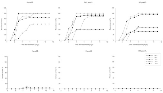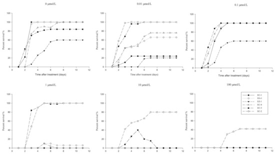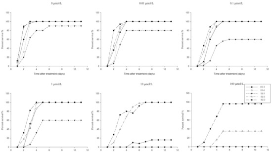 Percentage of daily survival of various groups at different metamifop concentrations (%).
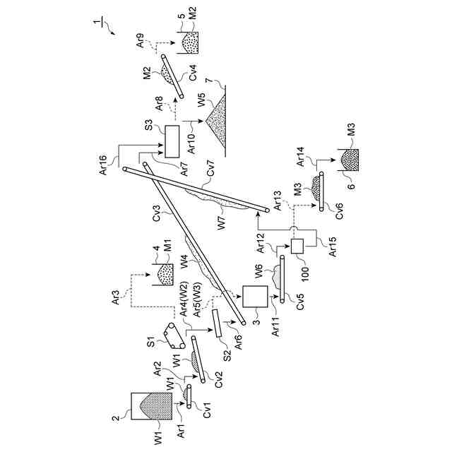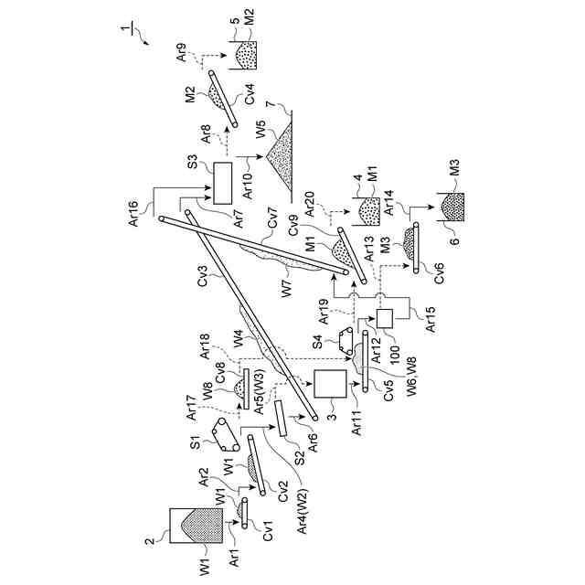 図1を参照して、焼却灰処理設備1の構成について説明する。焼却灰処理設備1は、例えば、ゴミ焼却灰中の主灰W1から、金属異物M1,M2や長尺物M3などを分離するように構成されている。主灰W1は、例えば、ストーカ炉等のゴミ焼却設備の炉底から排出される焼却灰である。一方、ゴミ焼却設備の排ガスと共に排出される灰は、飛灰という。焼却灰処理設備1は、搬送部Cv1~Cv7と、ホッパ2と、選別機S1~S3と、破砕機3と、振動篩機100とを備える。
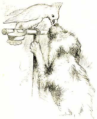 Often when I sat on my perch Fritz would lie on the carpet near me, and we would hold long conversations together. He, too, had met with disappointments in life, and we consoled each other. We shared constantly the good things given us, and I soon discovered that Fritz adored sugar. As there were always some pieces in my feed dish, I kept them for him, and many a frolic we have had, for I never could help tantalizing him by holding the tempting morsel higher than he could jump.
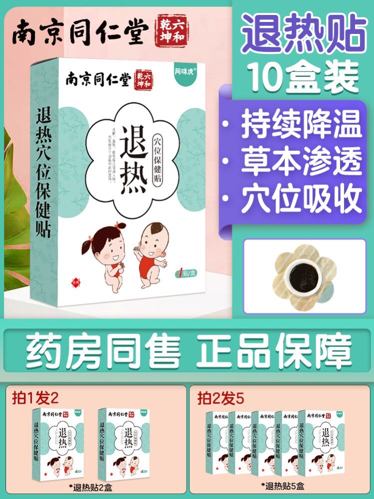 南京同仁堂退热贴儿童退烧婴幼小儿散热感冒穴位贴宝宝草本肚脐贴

---

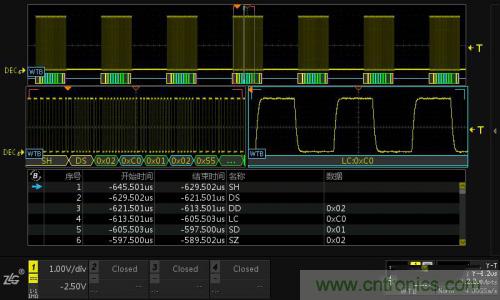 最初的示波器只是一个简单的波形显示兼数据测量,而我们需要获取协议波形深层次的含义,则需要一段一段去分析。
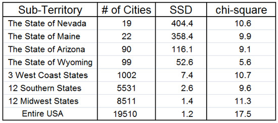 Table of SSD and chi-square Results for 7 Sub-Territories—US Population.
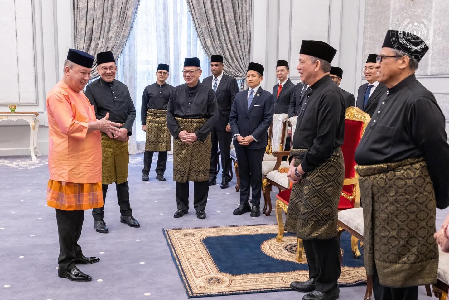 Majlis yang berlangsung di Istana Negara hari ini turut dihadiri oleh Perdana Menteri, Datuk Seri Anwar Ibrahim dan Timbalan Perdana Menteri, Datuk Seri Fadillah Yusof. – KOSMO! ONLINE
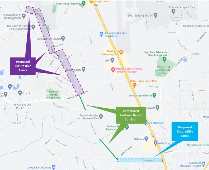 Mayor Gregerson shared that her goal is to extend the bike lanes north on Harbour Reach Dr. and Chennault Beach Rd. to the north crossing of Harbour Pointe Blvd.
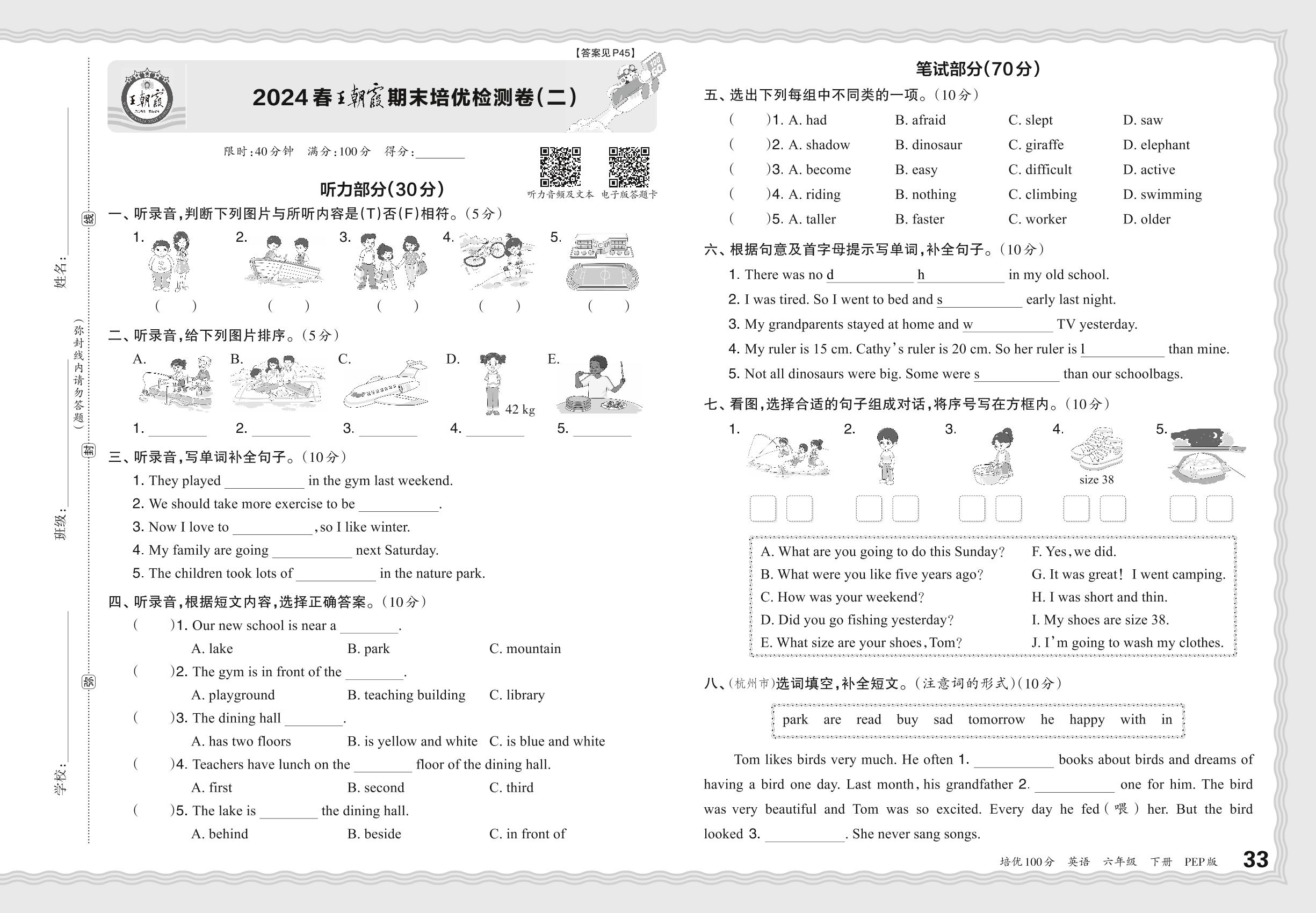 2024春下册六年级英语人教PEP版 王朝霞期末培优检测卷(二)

ASSIGNMENT: Given the listing above, retype only the span of lines from the line with "Percentage of daily" up to and including the line with "南京同仁堂退热贴儿童退烧婴幼小儿散热感冒穴位贴宝宝草本肚脐贴", exactly as it stands and without pictures.

EXERCISE RESPONSE:
 Percentage of daily survival of various groups at different metamifop concentrations (%).
 図1を参照して、焼却灰処理設備1の構成について説明する。焼却灰処理設備1は、例えば、ゴミ焼却灰中の主灰W1から、金属異物M1,M2や長尺物M3などを分離するように構成されている。主灰W1は、例えば、ストーカ炉等のゴミ焼却設備の炉底から排出される焼却灰である。一方、ゴミ焼却設備の排ガスと共に排出される灰は、飛灰という。焼却灰処理設備1は、搬送部Cv1~Cv7と、ホッパ2と、選別機S1~S3と、破砕機3と、振動篩機100とを備える。
 Often when I sat on my perch Fritz would lie on the carpet near me, and we would hold long conversations together. He, too, had met with disappointments in life, and we consoled each other. We shared constantly the good things given us, and I soon discovered that Fritz adored sugar. As there were always some pieces in my feed dish, I kept them for him, and many a frolic we have had, for I never could help tantalizing him by holding the tempting morsel higher than he could jump.
 南京同仁堂退热贴儿童退烧婴幼小儿散热感冒穴位贴宝宝草本肚脐贴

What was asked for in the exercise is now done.